# Calling Shimano Nexus 8 spd Users



## qayaq_alaska (Sep 12, 2005)

?What performance have you observed w/ Nexus 8 internal in really cold climes...does the Shimano grease go to sludge below zero and how does that affect the shifting? 

Anyone retro'd/regreased with low temp grease with success? How complex is the dis/reassembly?

Any issues with the drivetrain,or drum brake in wet-freezing conditions? Cabling and cable pulleys freezing?

Can the hub fit 135 mountain spaced frame? Do you have to use the drum assembly to get the spacing!

What chainline measurements can you expect? with the flp/flp cogs??

Can you use other 8spd shifters?



ML


----------



## dobber (Jul 15, 2004)

qayaq_alaska said:


> ?What performance have you observed w/ Nexus 8 internal in really cold climes...does the Shimano grease go to sludge below zero and how does that affect the shifting?
> 
> Anyone retro'd/regreased with low temp grease with success?
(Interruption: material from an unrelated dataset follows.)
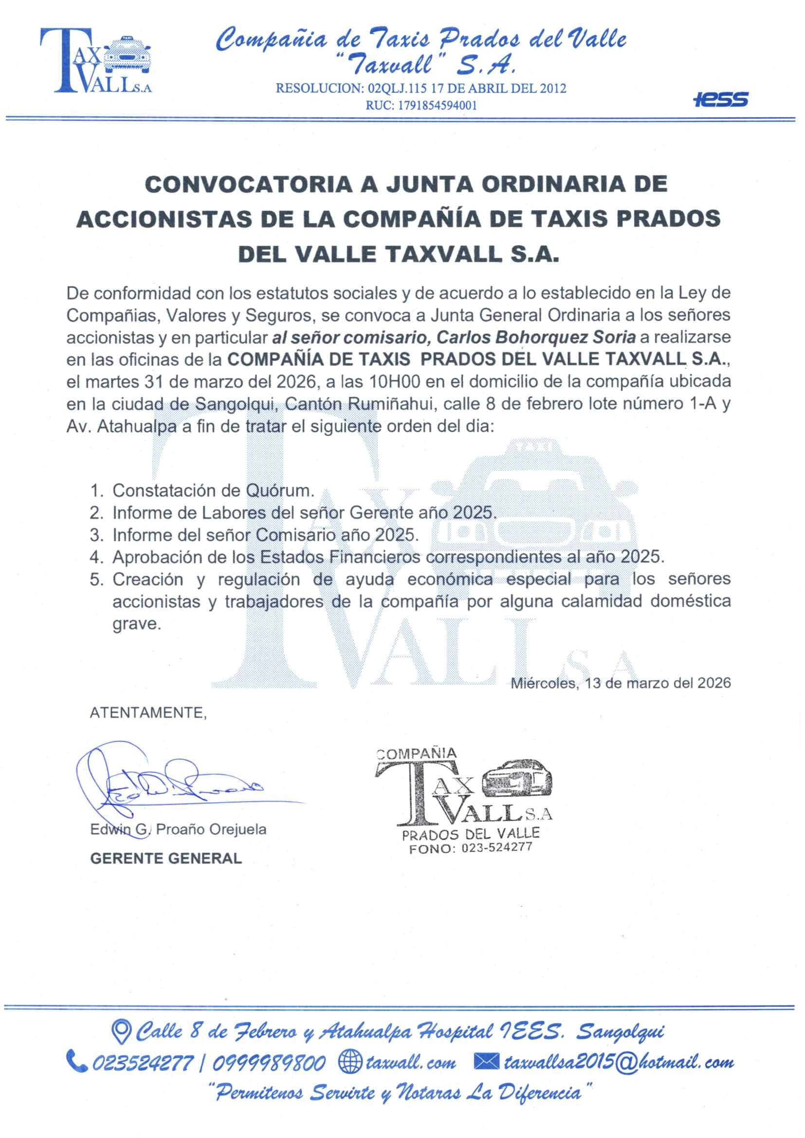 De conformidad a lo dispuesto en el Art 231, 234, 236, numerales de Ley de Compañías, se convoca a los Señores Accionistas de la Compañía SERVICIO DE TAXIS MIGRANTAXI S.A. a la Junta General Ordinaria de Accionistas, que se llevará a cabo el día Miércoles 1 de abril 2026 a las 10:00 horas a realizarse en la Sede de la Liga Barrial Amagasí del Inca, ubicada en la calle Nueces y Canelos junto al Colegio Hontanar; para tratar el siguiente orden del día.

How complex is the dis/reassembly?
> 
> ...


-The nominal hub spacing is 132.5 so it will work with 130/135 spaced frames.
-The chainline is 42 / 47 (flip-flop)
-The only shifter is the Nexus 8 Twist Shifter

I'm reworking my winter fixed 1x1 into a summertime urban crawler with Nexus 8, drop bars and Schwalbe Super Moto (26 x 2.35) tires.

You can get a lot of info from Sheldons http://www.google.com/custom?q=nexu...;sheldonbrown.net&sitesearch=sheldonbrown.com

Service manual
http://www.sheldonbrown.com/nexus8/

I suspect trying to regrease it would be an adventure.


----------



## itsdoable (Jan 6, 2004)

I ran a 7-speed nexus for 1/2 a winter before it died (cracked half-shaft), but the grease ran fine.
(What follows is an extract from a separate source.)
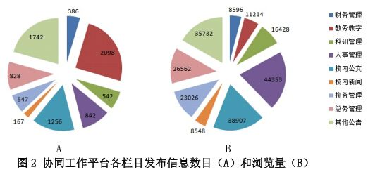 2.通过校内协同工作平台信息公开情况校内协同工作平台是教职工了解学校各项政策、规章制度、通知公告等相关信息的主要平台。截止2013年8月31日,学校各职能部门和院系在协同工作平台发布信息数目总共为8976条,信息种类涉及到财务、教务教学、科研、人事、公文等。其中,教务教学相关信息最多,达到2098条;而浏览量最高的则为人事管理,高达44353人次(图2A、B)。

Currently have a red-band 8-speed Nexus - not running it myself, it got installed on my in-law's bike. It gets used to ~-5C with no problems. But I'm waiting to see if I can get another one for my own testing. Shifting is fine so far.
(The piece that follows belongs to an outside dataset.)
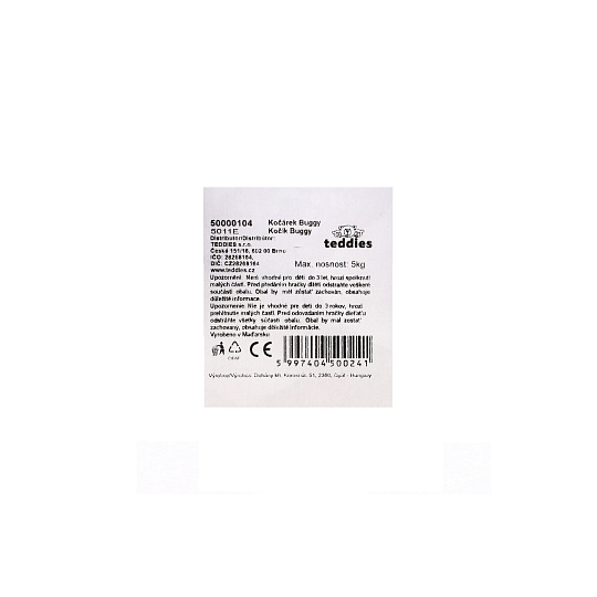 Design kočárku s jednorožcem reaguje na aktuální módní trend. Jednorožce holčičky prostě milují! Tento kočárek je doporučen pro holčičky, které si rády hrají a vžívají se do role dospělých maminek. Hra podporuje představivost, rozvíjí sociální cítění, pamět a hrubou motoriku. Kočárek pro panenky je vyroben z kombinace materiálů: látka, kov a plast. Jeho montáž je jednoduchá, bez šroubování. Návod k montáži naleznete uvnitř výrobku. Součástí výrobku je přenosná korbička na miminko, síťovaný košík jako úložný prostor pod kočárek a látková taška na přední rukojeť. Rukojeť, opěrátko kočárku i jeho část pod nohami panenky je polohovatelná, což umožnuje vytvořit z hlubokého kočáru pro miminko sportovní verzi pro batole. Určeno pro panenky max. délky 38 cm. | Celková délka: 66cm, výška: 64cm, šířka kočárku: 38 cm, rozchod kol: 33cm | Rozměry vyjímatelné korbičky: délka 40cm, šířka: 20cm | Rukojeť nastavitelná: 31 -55cm | Věk : 3+

Roller brake works fine in the cold, cable freezing issues are the same as any bike.

Hub comes spaced 132.5mm with or without roller brake (no change), I've re-spaced it out to 135 for an mtb frame.

Never measured the chain line, I used square taper BB's so it's always a gamble what you get. Cogs can be flipped to adjust chain line, I'm using the middle chain-ring position.

Must use the Nexus shifter, propriotary cable pull. But you have the choise of twist or trigger.

Cheers,

Tom


----------